Welcome to Elo 2.0! See the most recent blog post to learn more.
2017 June 13 (Adam)

2010 and 2011 were integrated into the system a couple days ago. This update added 46 tournaments and just short of 170,000 matches. This pushes us over the 300 tournament mark. There’s 1.49 million matches of Magic catalogued here. Based on the data from a couple posts ago, I think we’re at about 48.6% of all tournaments and maybe 55% of what we can possibly get. I’m hoping to stay on the pace of two years every two months like I’ve done so far, but we do have some behind the scenes work to do as well, so we shall see. The next two years total 48 tournaments, but the tournaments are also getting smaller, so my fingers are crossed that the total amount of stuff to swim through will decrease. Unsurprisingly I’m getting faster and faster at the curating process, but there’s a lot of name-reformatting that has to happen between scraping the raw data and adding it to the site. For 2010-11, the raw data had 17784 unfamiliar names and the curating process pared that down to 11521 new people. Naturally I missed some, and also some entries have data from multiple people in them. But this is what’s gained from working on the data some.

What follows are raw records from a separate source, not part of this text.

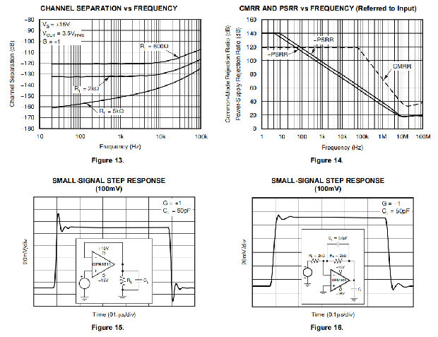 OPA161x系列运算放大器具有优良的失真特性。在20Hz至20kHz的音频频率范围内,THD+噪声低于0.00008%(G=+1,VO=3VRMS,BW=80kHz)(特性性能见图7)。
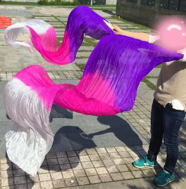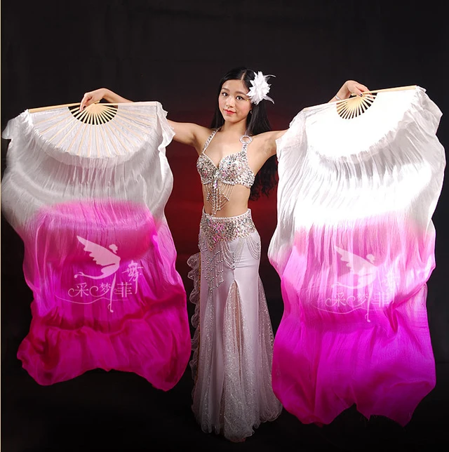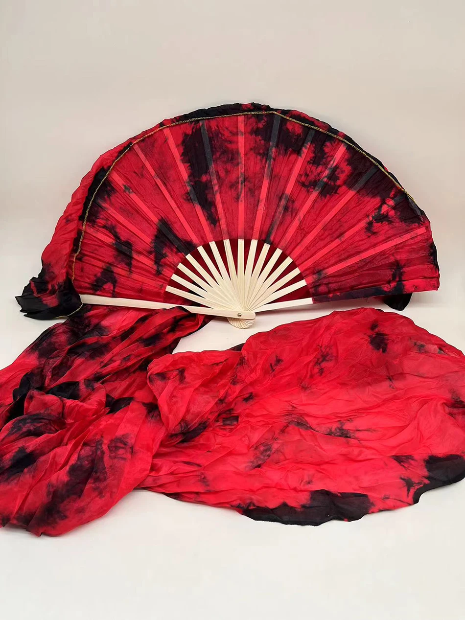 Echte Seiden Bauchtanz Fächer - 180cm Handgefärbte Tanzschleier Mit Bambusrahmen
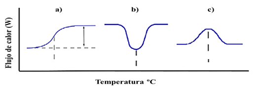 Los principales eventos que se identifican con el análisis de las curvas obtenidas con el DSC son el punto de transición vítrea (Figura 1 a), la cristalización (Figura 1 b) y la fusión (Figura 1 c) según lo mostrado en la Figura 1 (Zaccai et al. 2018; Akash & Rehman 2020).
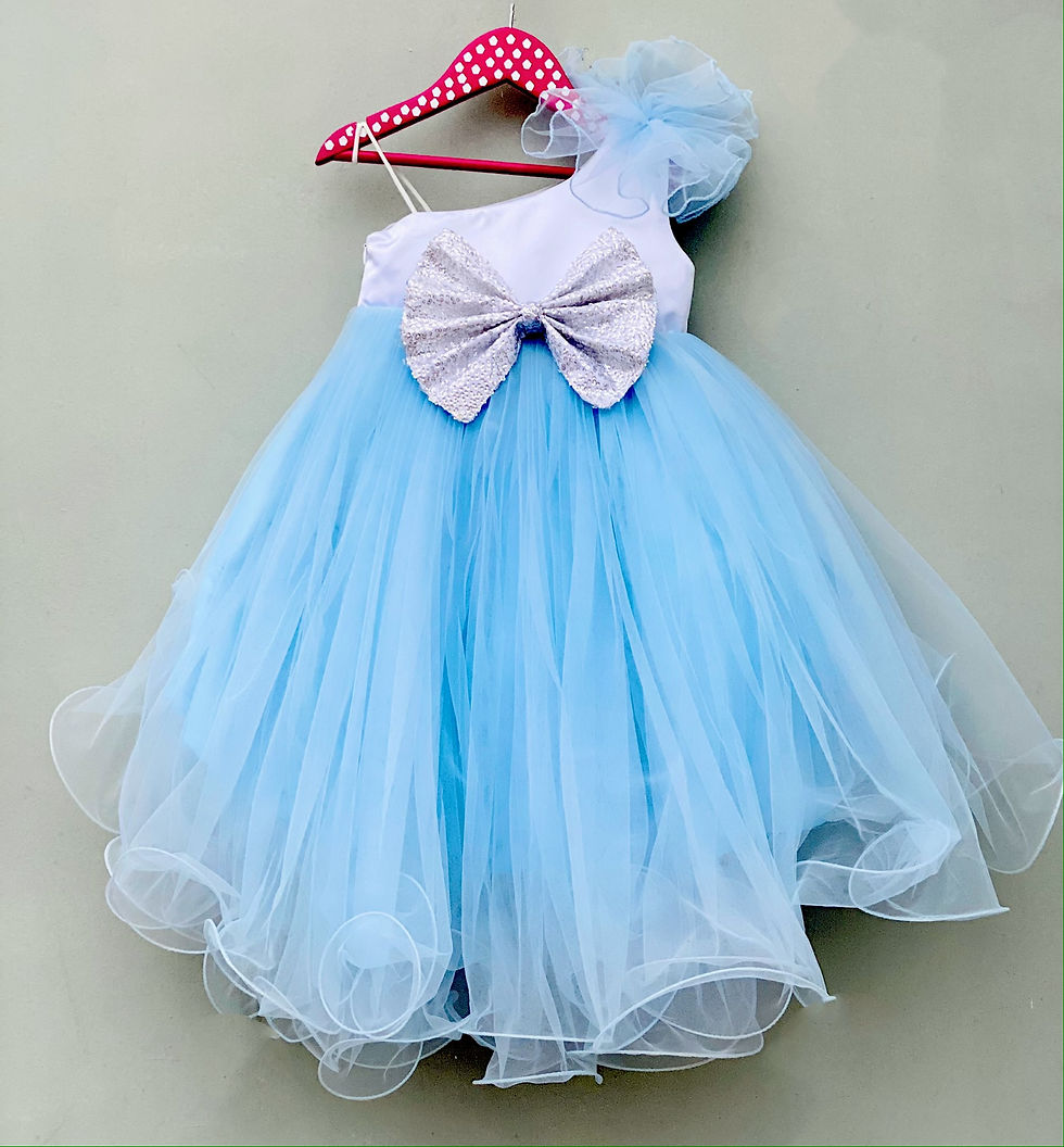 Off white and Dark Blue Silk Frock
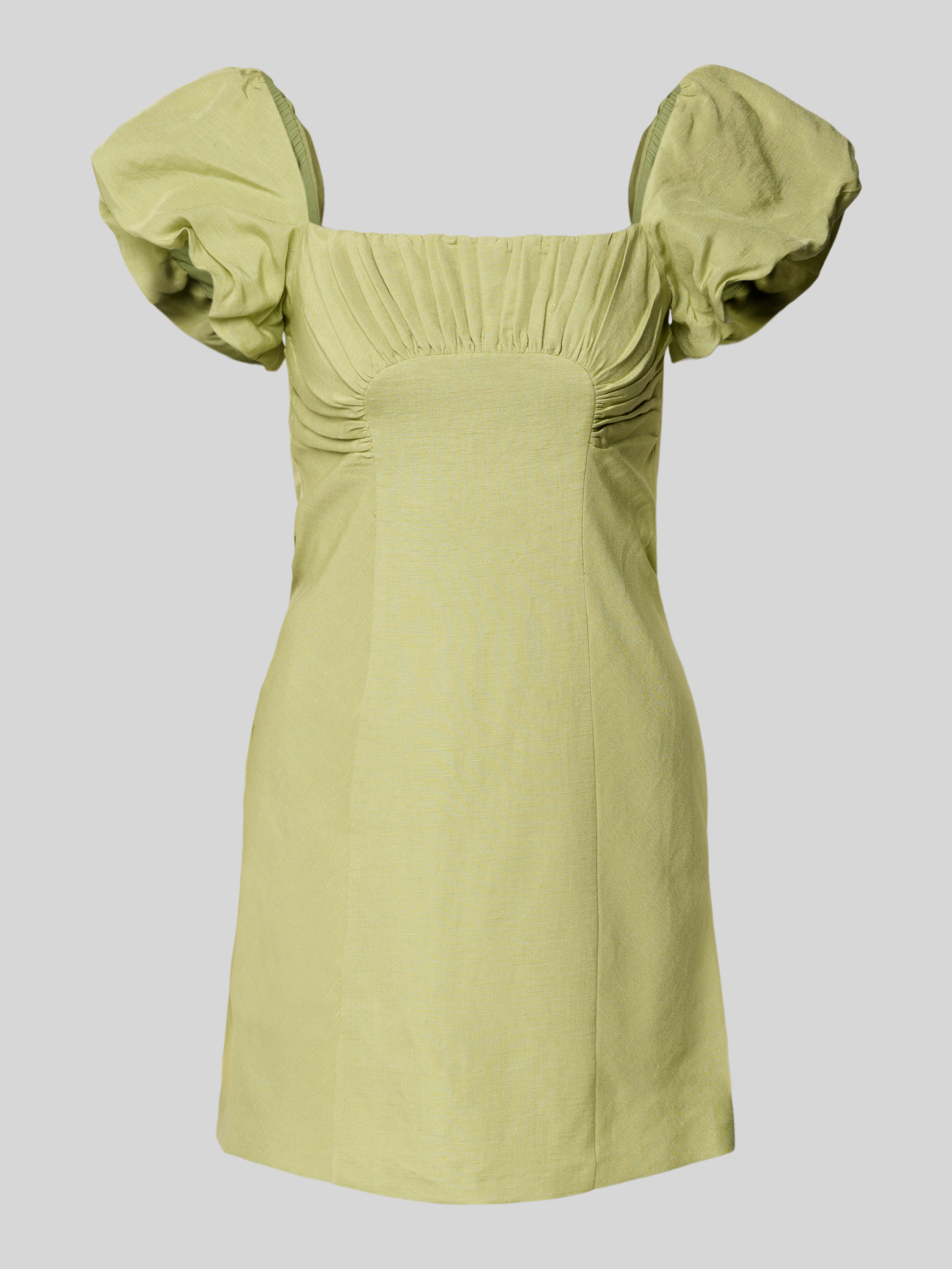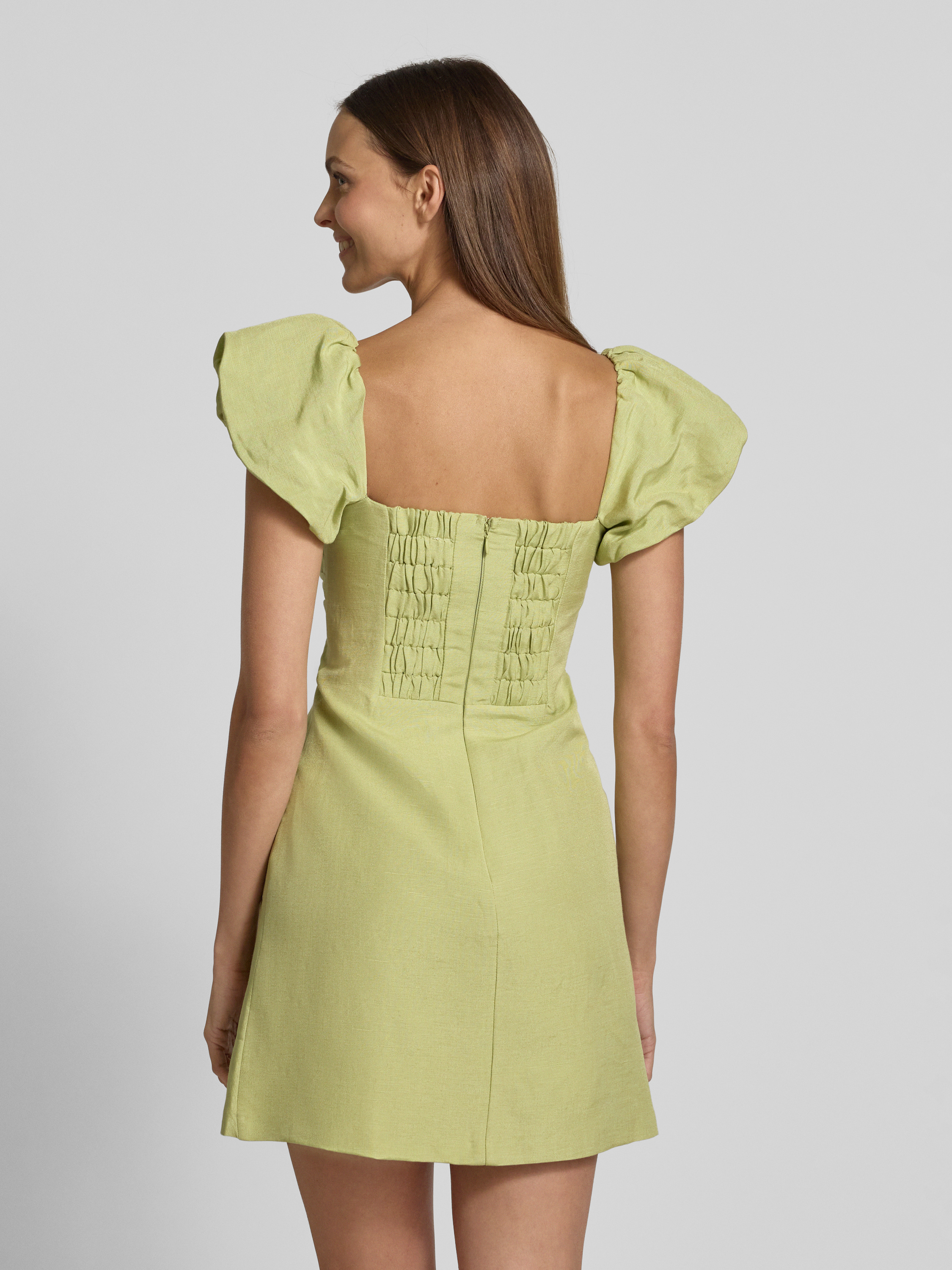 Cocktailjurk van linnenmix met pofmouwen, model 'Aspen Ruched' in lichtgroen
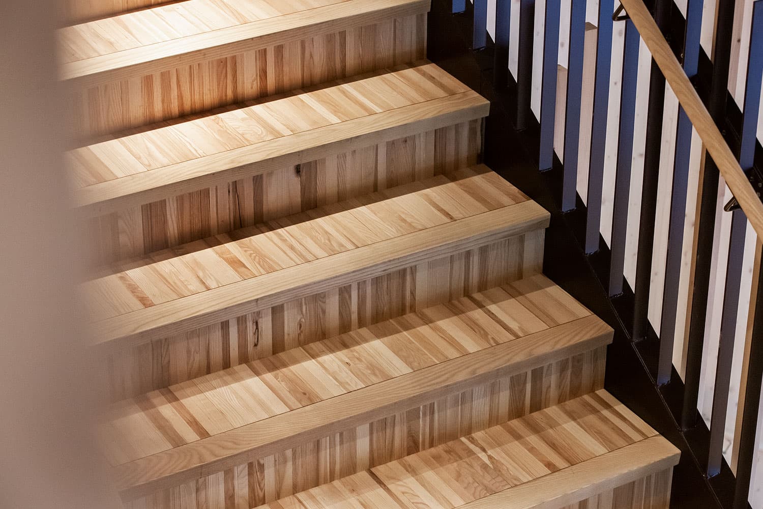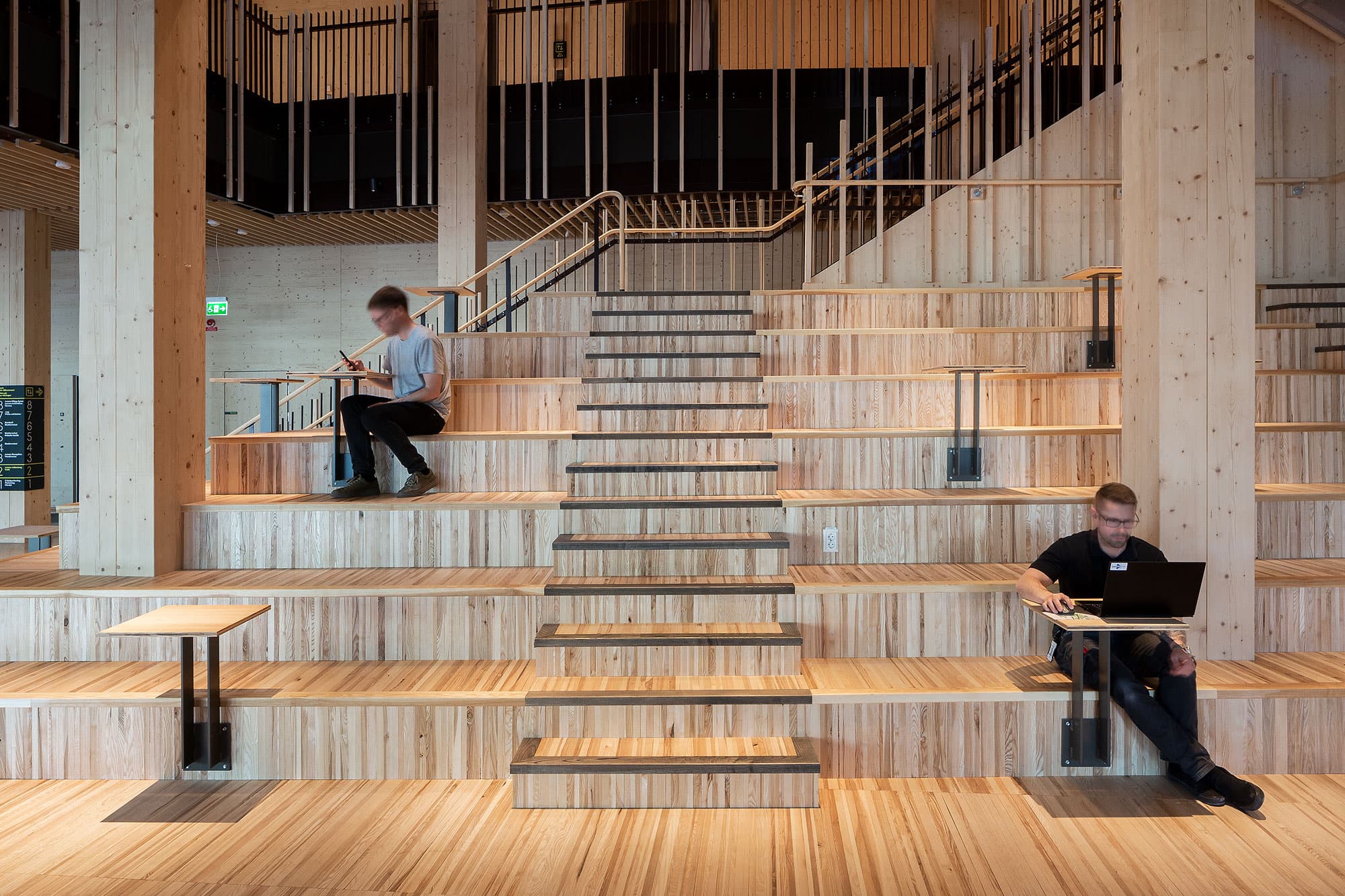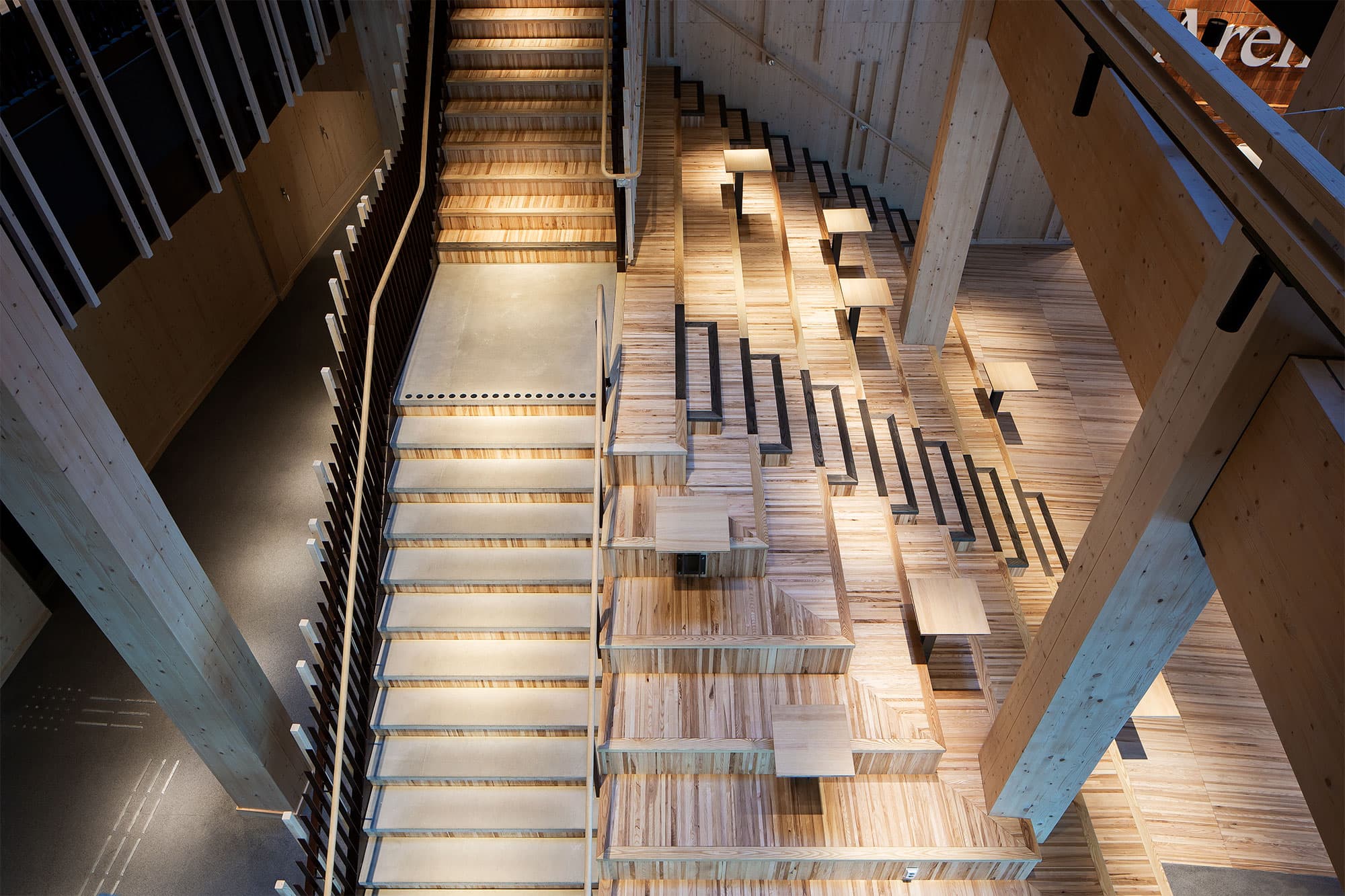 Trappa och gradäng till Magasin X i Uppsala. Trappan och sittgradängen är tillverkad av vår Industriparkett Design XL i ask. Sätt- och plansteg levereras måttanpassade, slipade och ytbehandlade med sidenmatt hårdvaxolja.
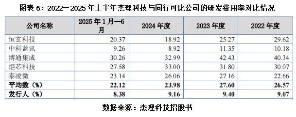 招股书的数据更能说明问题:2022年至2025年上半年,杰理科技的研发费用率分别为9.07%、9.40%、9.16%、8.38%,而同期同行可比公司的研发费用率均值分别达26.57%、27.60%、23.98%、22.12%,两者差距超1倍。由此可见,杰理科技研发投入力度显著不足,难以支撑其高端化转型。
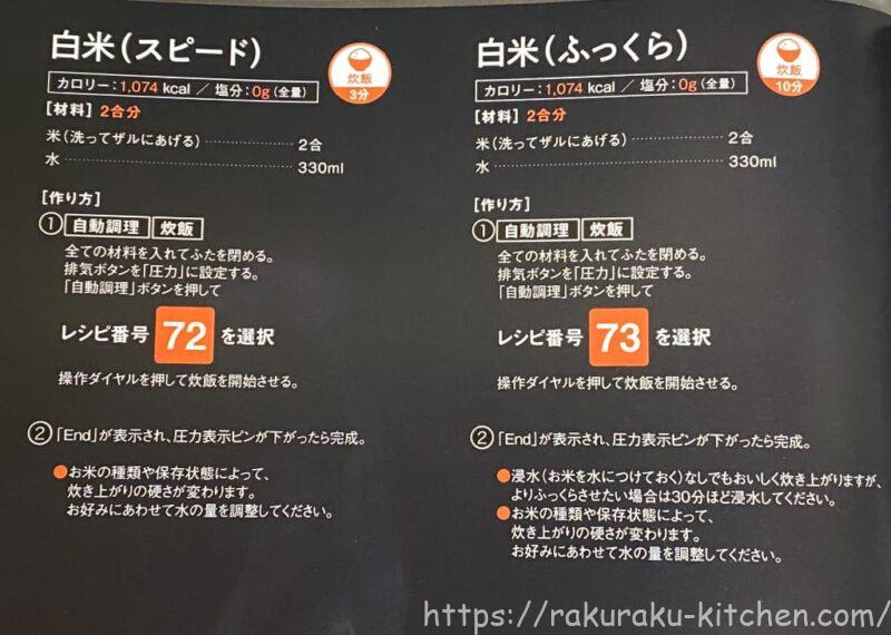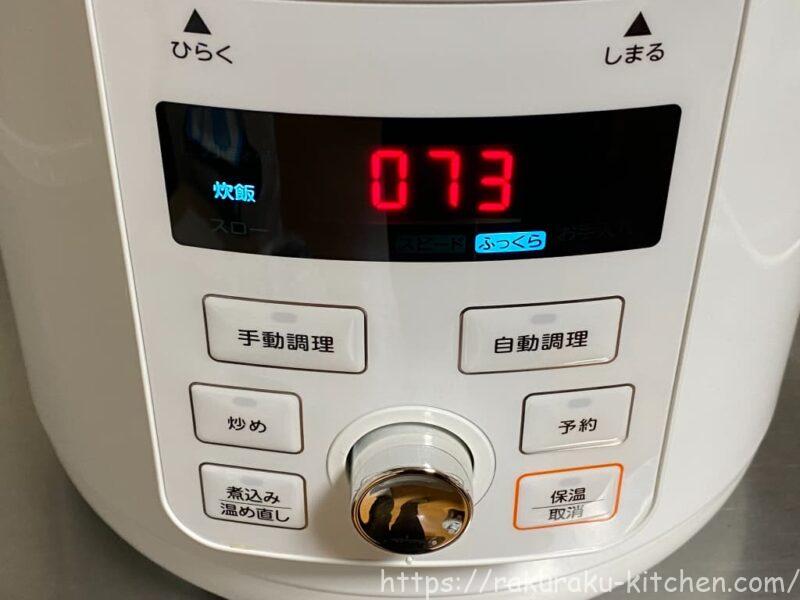 73番を選択すると「炊飯 ふっくら」と液晶パネルに表示されます
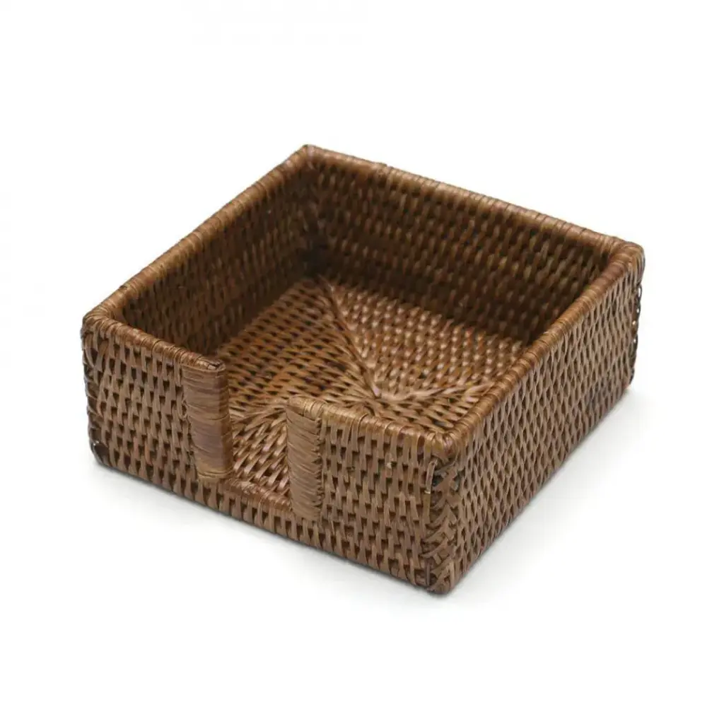 Perfectly sized to hold Caspari paper and paper linen napkins, our napkin holders are an easy addition to your tabletop décor. They are a perfect way to keep napkins neatly presented in your dining room, on your coffee table, kitchen counter, or in a guest bath. The designs in our rattan collection feature a durable double-weave and handcrafted charm. Constructed from naturally fast-growing rattan, these reusable pieces add an element of eco-friendly style to your tabletop. Each napkin holder can hold up to 2 packs of Caspari napkins and coordinate well with most of our existing designs and colors.
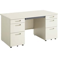 丈夫で長持ち、定番スチールデスク。組み立て無料で手間いらず。袖引き出しは全段をまとめてロックできる鍵付き仕様。
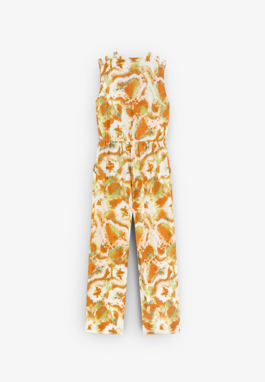 Tie-dye jumpsuit with straps detail on the shoulders.

At the moment K = 36 still. I thought K = 30 or K = 32 would give more predictive power, but there’s a baseline level of noise that no value of K seems to mitigate. I thought this comes from the fact that people near 1500 are often grossly misrated, but the effect seems to persist even when we only look at people who have already played 25 matches (admittedly a much smaller data set). I’m still messing around with variable-K schemes and other slightly more complicated rating methods, but I’m not going to change anything until I get something that I can confidently say fits the data better than what we have now. Otherwise there’s no reason not to prefer continuity. I put some data together for this update, but I think I can present it better than I am right now, so I’m going to take a few extra days to improve it before I share.

We still don’t have a big problem with inactive players: it’s true that 22642/146738 people in the database haven’t played since before 1/1/13, but only 42(!) of those 22642 people have a rating of 1700+. (The highest rated such player is Ian Duke, at 1902.) I haven’t figured out exactly what should happen if people play in an event after a long layoff, but isn’t a big problem either — only about 1350 people have had a gap of more than 200 tournaments (4-5 years) in their histories, and only 26 of those have a rating over 1700 currently. Probably there should be some sort of regression to the mean or something, but I bet doing nothing is fine too. As an extreme example, Corey Baumeister made the finals of GP Miami 2015 after a 3+ year layoff. We’ll see what happens as we keep going back in time. I just don’t want to discover that a spot in the top 30 is frozen on someone who stopped playing in 2005. At the least we’ll set it up so that the rankings calculation only take into account people who have played within the last couple of years. There are people like Xu Su out there who don’t play much but are very good when they play. (Finals of consecutive events, two years apart!) (But I assume real life made him decline the PT invites.) I don’t want to cut those sorts of people out due to a hyper-focus on the week-to-week grind of the tour.